Functional slices overlaid on an MNI anatomical template showing frontal areas where better performance over time is associated with longitudinal rCBF reductions across different executive domains. Statistical maps are thresholded at p < .005, with cluster-size ≥ 50. Scatterplots show estimated longitudinal change slopes for executive performance plotted against rCBF change estimated from each ROI. Regression lines and r values are adjusted for age and sex. Dashed lines demarcate zero change points for each axis.

DISCUSSION

Our findings show a heterogeneous pattern of brain-behavior associations in the frontal regions of older adults when considering cross-sectional baseline data. Higher baseline rCBF in some frontal regions correlated with better performance, but higher rCBF in other distinct frontal regions correlated with poorer performance for select executive domains. In addition, our longitudinal findings suggest that chronic high-levels of frontal rCBF over an extended period, particularly in the left insula/inferior frontal regions, may reflect more effortful processing associated with declines in executive ability rather than stability or improvement. These findings dissociate longitudinal brain-behavior associations from the heuristic derived from cross-sectional findings that there is generalized age-related increase in frontal activity that is compensatory. Together, these results suggest that a more complex framework is required to sufficiently account for both cross-sectional and longitudinal findings on age-related changes in frontal function.

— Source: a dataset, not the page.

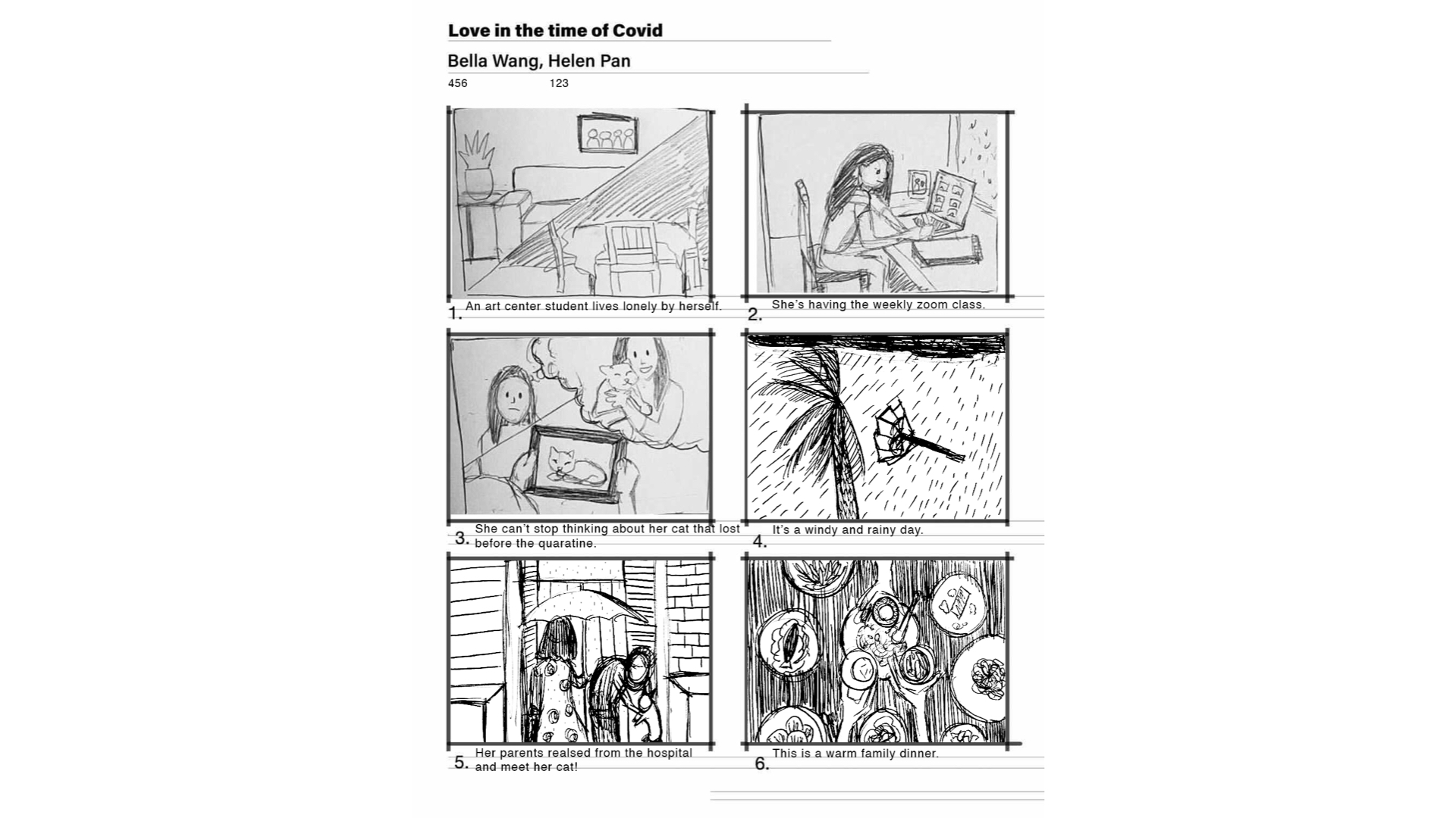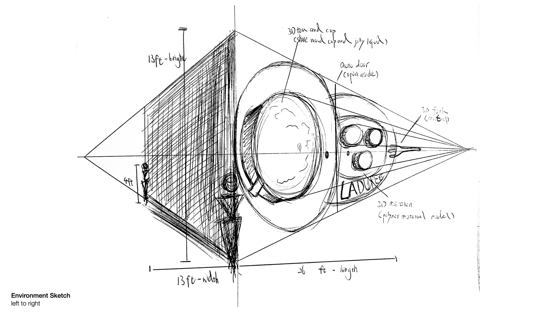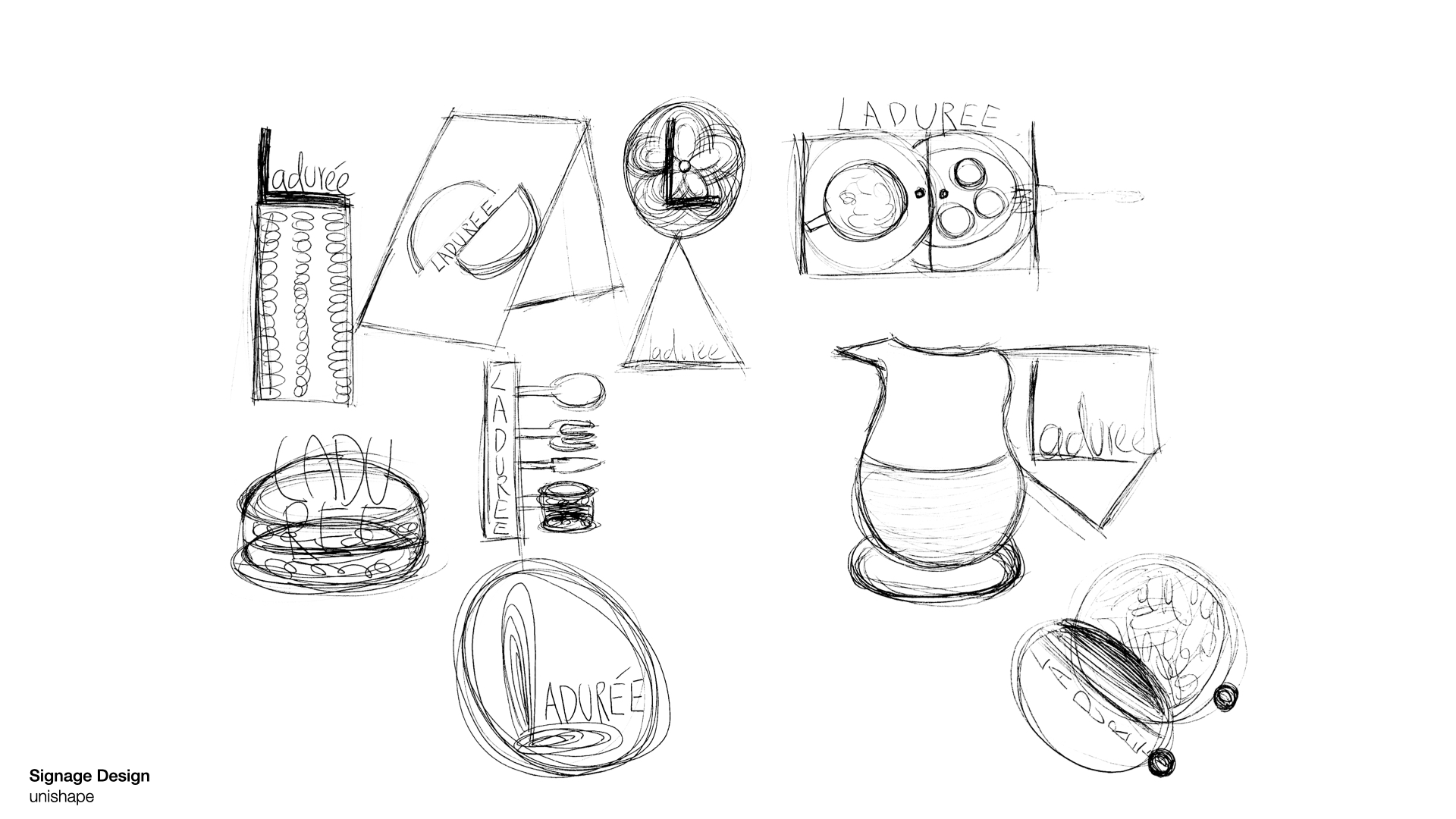 I organized all the significant works and divided into 3 parts. First, I experienced sketches from brief dynamics to pinky details. Secondly, I did some storyboards that tells a story step by step made me feel like a playwright share emotions with audience. Lastly, I studied perspective basis that we draw lines, basic building structures, and geometric products. In the end, I made this “Laduree Project” for my favorite macaroon brand.

Studies of executive processing suggest that dorsolateral prefrontal regions are involved in processing abstract rules during cognitive tasks (Badre & D’Esposito, 2009). In our study, we found that higher activity at baseline in regions within the dorsolateral prefrontal cortex correlated with better performance in abstraction, the ability to identify abstract semantic relationships between items, and chunking, the ability to organize stimuli into meaningful groups. As suggested in Goh et al. (2011), it is plausible that these processes can facilitate recognition during the verbal memory task by aiding the retrieval and organization of memory engrams. Thus, greater activity in these specific frontal regions may reflect the compensatory nature of these specific executive processes in facilitating episodic retrieval performance in older adults.

In contrast, greater baseline activity in the left insula and in a different, more anterior and medial, middle frontal region did not facilitate behavior, but were instead associated with poorer performance in inhibition and discrimination, respectively. These executive domains involve attentional effort to suppress irrelevant information and select relevant ones. A possible account for this finding is that greater blood flow in these frontal regions may reflect non-selective neural engagement due to neurotransmitter dysregulation or reduced efficacy of inhibitory frontal white-matter connections with age (Li, Lindenberger, & Bäckman, 2010; Persson et al., 2006). Such non-selective engagement might impede the ability to inhibit or discriminate different types and sources of information during episodic retrieval. In this view, age-related increases in neural activity in these regions are not compensatory, but rather detrimental to cognitive processing and task performance, particularly when signal detection is involved.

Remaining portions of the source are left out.